Task details - Could you print the stretch of lines below from the one with "しかし、Reencleの生ご" through the one with "图?为参加总台春晚拉萨分会场的演职人员在彩排前化妆。", exactly as they stand and without any pictures?

··· Data under study ···

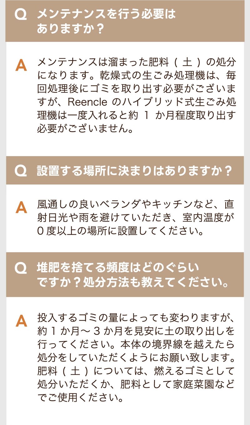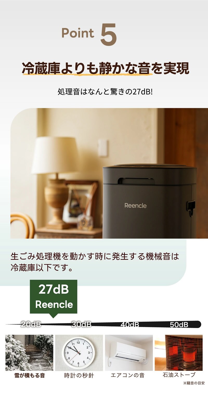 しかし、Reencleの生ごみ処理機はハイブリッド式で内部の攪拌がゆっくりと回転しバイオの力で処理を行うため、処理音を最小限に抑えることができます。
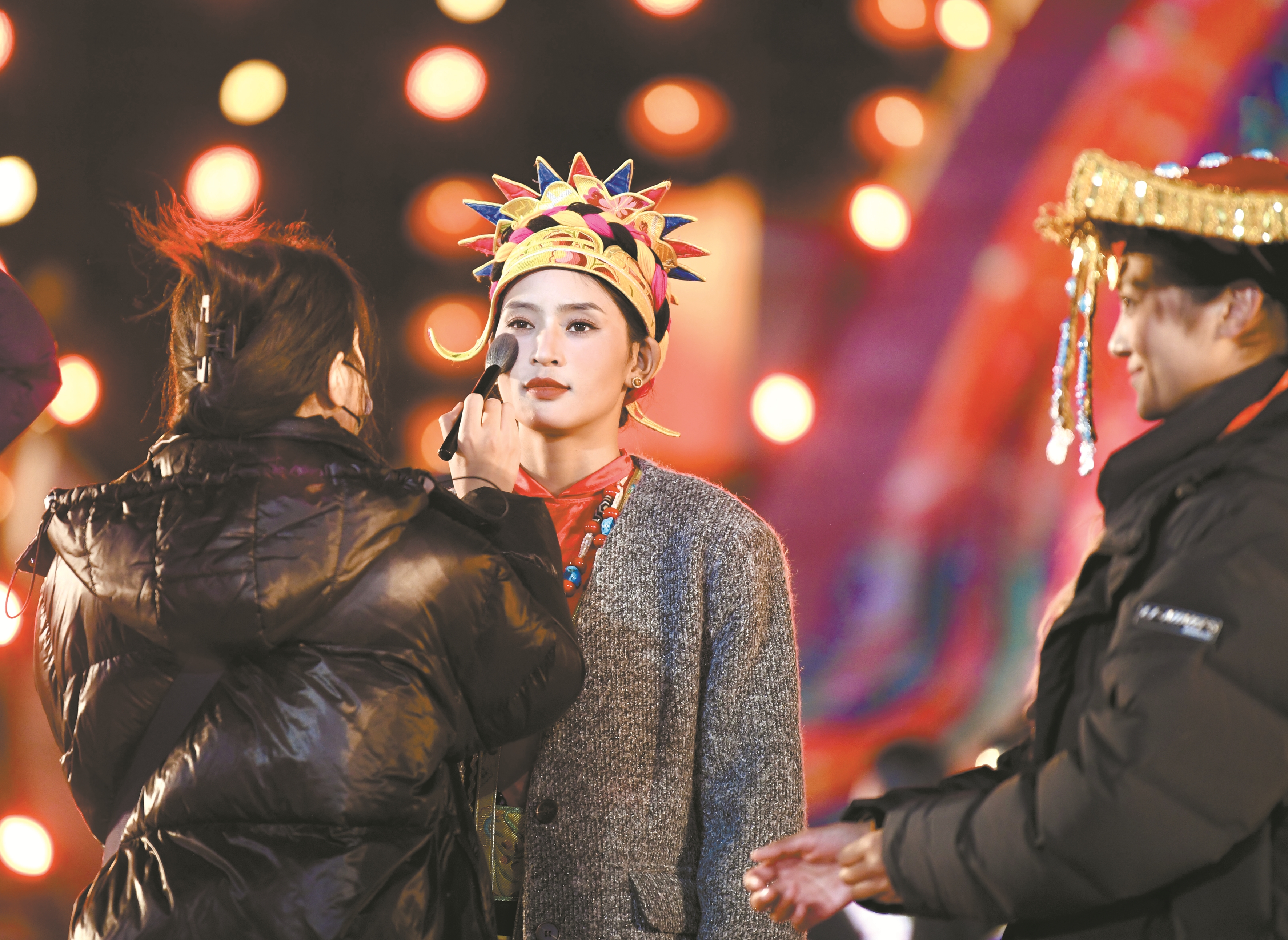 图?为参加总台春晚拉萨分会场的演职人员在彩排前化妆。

···
··· Data under study ···

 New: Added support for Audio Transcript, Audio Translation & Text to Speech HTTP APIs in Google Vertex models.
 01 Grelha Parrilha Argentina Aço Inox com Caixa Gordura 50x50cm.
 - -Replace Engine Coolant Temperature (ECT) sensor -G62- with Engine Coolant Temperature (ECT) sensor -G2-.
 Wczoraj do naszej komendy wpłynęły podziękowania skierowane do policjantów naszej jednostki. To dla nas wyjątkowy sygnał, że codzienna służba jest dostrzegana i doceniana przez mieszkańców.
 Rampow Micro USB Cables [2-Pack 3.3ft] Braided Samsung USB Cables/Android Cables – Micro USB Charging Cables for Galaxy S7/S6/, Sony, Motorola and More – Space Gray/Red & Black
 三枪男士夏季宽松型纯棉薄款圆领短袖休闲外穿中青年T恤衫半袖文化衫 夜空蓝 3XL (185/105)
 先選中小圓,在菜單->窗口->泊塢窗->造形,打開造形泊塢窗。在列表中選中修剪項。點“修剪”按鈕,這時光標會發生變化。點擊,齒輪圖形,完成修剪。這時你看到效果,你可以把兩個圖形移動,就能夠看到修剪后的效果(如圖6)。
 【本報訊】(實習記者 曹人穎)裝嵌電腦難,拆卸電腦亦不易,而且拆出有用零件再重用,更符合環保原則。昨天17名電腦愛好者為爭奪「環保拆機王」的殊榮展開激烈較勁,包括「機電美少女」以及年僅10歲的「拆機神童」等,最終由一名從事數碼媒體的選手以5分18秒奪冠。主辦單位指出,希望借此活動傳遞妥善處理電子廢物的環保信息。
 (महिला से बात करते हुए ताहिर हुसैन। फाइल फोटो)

···
··· Data under study ···

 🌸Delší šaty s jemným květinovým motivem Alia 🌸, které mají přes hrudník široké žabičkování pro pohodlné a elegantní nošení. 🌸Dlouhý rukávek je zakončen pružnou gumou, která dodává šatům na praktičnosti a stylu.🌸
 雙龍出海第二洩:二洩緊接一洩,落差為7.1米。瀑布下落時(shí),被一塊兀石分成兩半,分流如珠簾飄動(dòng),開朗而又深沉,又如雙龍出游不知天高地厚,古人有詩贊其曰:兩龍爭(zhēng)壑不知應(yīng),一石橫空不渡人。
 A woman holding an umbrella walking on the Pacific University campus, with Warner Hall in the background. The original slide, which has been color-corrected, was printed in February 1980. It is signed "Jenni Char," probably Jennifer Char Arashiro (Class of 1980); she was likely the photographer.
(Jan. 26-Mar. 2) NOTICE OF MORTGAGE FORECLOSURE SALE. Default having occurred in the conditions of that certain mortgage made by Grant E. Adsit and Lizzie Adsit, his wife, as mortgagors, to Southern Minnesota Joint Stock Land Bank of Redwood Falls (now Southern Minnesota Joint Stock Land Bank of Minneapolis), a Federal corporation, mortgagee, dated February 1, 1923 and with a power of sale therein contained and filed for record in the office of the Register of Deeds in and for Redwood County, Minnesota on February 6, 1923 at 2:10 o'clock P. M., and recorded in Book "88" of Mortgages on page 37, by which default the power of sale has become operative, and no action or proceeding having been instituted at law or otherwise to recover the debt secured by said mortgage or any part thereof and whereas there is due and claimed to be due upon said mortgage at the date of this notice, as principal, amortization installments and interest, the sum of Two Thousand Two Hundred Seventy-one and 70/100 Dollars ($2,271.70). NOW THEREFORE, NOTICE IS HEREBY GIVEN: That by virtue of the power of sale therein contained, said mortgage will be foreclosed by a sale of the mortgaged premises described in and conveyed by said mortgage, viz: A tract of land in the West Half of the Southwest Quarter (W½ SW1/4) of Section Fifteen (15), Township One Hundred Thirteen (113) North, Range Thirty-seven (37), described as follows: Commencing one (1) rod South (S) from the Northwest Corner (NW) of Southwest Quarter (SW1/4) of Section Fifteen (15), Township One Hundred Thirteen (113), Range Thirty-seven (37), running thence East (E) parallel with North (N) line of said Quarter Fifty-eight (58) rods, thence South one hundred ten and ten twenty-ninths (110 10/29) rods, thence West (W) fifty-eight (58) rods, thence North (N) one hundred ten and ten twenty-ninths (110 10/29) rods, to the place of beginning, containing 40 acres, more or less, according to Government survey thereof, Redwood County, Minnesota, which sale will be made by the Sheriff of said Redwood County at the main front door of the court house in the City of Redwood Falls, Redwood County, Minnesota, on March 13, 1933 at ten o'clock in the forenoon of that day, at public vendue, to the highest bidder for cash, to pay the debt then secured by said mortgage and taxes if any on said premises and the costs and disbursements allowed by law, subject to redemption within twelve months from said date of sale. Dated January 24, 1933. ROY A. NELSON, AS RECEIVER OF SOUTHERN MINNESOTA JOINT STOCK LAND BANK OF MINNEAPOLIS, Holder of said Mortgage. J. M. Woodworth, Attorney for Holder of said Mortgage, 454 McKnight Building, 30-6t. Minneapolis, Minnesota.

···

Solution to this exercise -
 しかし、Reencleの生ごみ処理機はハイブリッド式で内部の攪拌がゆっくりと回転しバイオの力で処理を行うため、処理音を最小限に抑えることができます。
 图?为参加总台春晚拉萨分会场的演职人员在彩排前化妆。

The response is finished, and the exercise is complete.